- Relator(a)
- Ministro Jorge Mussi
- Órgão julgador
- Quinta Turma
- Data do julgamento
- 16/12/2010
- Data de publicação
- 01/02/2011
STJ – Acórdão, Rel. Ministro Jorge Mussi, Quinta Turma, j. 16/12/2010, p. 01/02/2011
HABEAS CORPUS. HOMICÍDIO QUALIFICADO. DOSIMETRIA. FIXAÇÃO ACIMA DO MÍNIMO LEGAL. CULPABILIDADE. CONSIDERAÇÃO DAQUELA PRÓPRIA DO TIPO. INVIABILIDADE. AÇÃO PENAL SEM CERTIFICAÇÃO DO TRÂNSITO EM JULGADO. SOPESAMENTO NA PRIMEIRA ETAPA DA DOSIMETRIA COMO MAUS ANTECEDENTES. IMPOSSIBILIDADE. PRECEDENTES. SÚMULA 444 DESTE STJ. CONDUTA SOCIAL E PERSONALIDADE. DESEMPREGO. ARGUMENTO INIDÔNEO. DESFAVORABILIDADE DAS CIRCUNSTÂNCIAS DO DELITO. ELEMENTOS CONCRETOS. CONSTRANGIMENTO EM PARTE EVIDENCIADO. SANÇÃO REDIMENSIONADA. FIXAÇÃO DA REPRIMENDA NO MÍNIMO LEGAL. DESCABIMENTO. ORDEM CONCEDIDA EM PARTE. 1. Mostra-se inviável considerar como desfavorável ao agente circunstância inerente à culpabilidade em sentido estrito, a qual é elemento integrante da estrutura do crime, em sua concepção tripartida. 2. Consoante orientação já sedimentada nesta Corte Superior, inquéritos policiais ou ações penais sem certificação do trânsito em julgado não podem ser levados à consideração de maus antecedentes para a elevação da pena-base, em obediência ao princípio da presunção de não-culpabilidade.
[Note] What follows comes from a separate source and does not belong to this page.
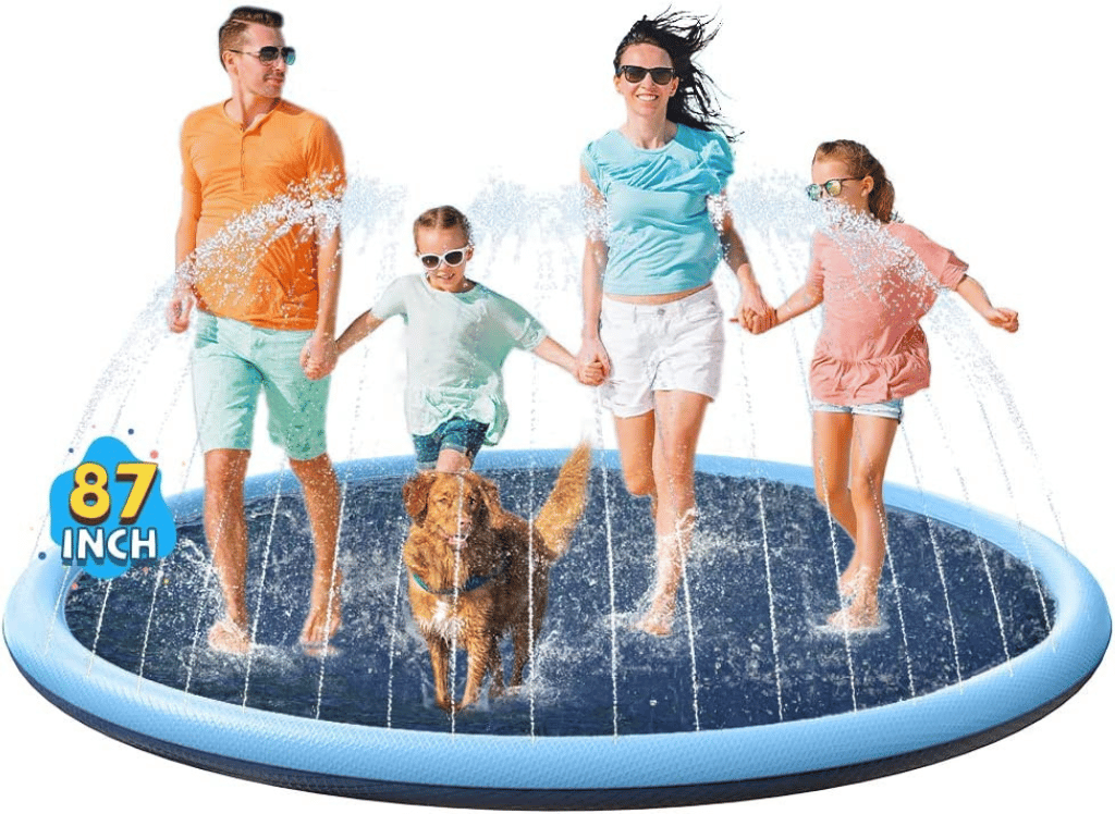 VISTOP Non-Slip Splash Pad is the best sprinkler pad for both kids and dogs to enjoy the summer. Its eco-friendly PVC material without BPA or phthalates makes this product safe, durable and efficient for outdoor fun. The non-slip texture design increases grip so that children and pets can play on water with peace of mind knowing their safety is taken care of. Let your family have a great time outdoors with VISTOP Non-Slip Splash Pad!

Exegese da Súmula 444 deste STJ. 3. O fato de o paciente não trabalhar, por si só, não evidencia a negatividade das circunstâncias judiciais da conduta social e da personalidade, tendo em vista que a falta de emprego, diante da realidade social brasileira, é infortúnio, e não algo tencionado. 4. Considerando que o delito foi praticado próximo a várias pessoas, colocando em risco também a vida de terceiros, justificada está a maior elevação na reprimenda básica, pois desfavoráveis as circunstâncias do crime. 5. Remanescendo circunstância judicial negativa, devidamente justificada na sentença, não há como fixar a sanção básica em seu mínimo legal, como pretendido. 6. Ordem parcialmente concedida para reduzir a pena-base imposta ao paciente, tornando a sua reprimenda definitiva em 13 (treze) anos de reclusão, mantidos, no mais, a sentença condenatória e o acórdão objurgado. (HC n. 120.154/MS, relator Ministro Jorge Mussi, Quinta Turma, julgado em 16/12/2010, DJe de 1/2/2011.)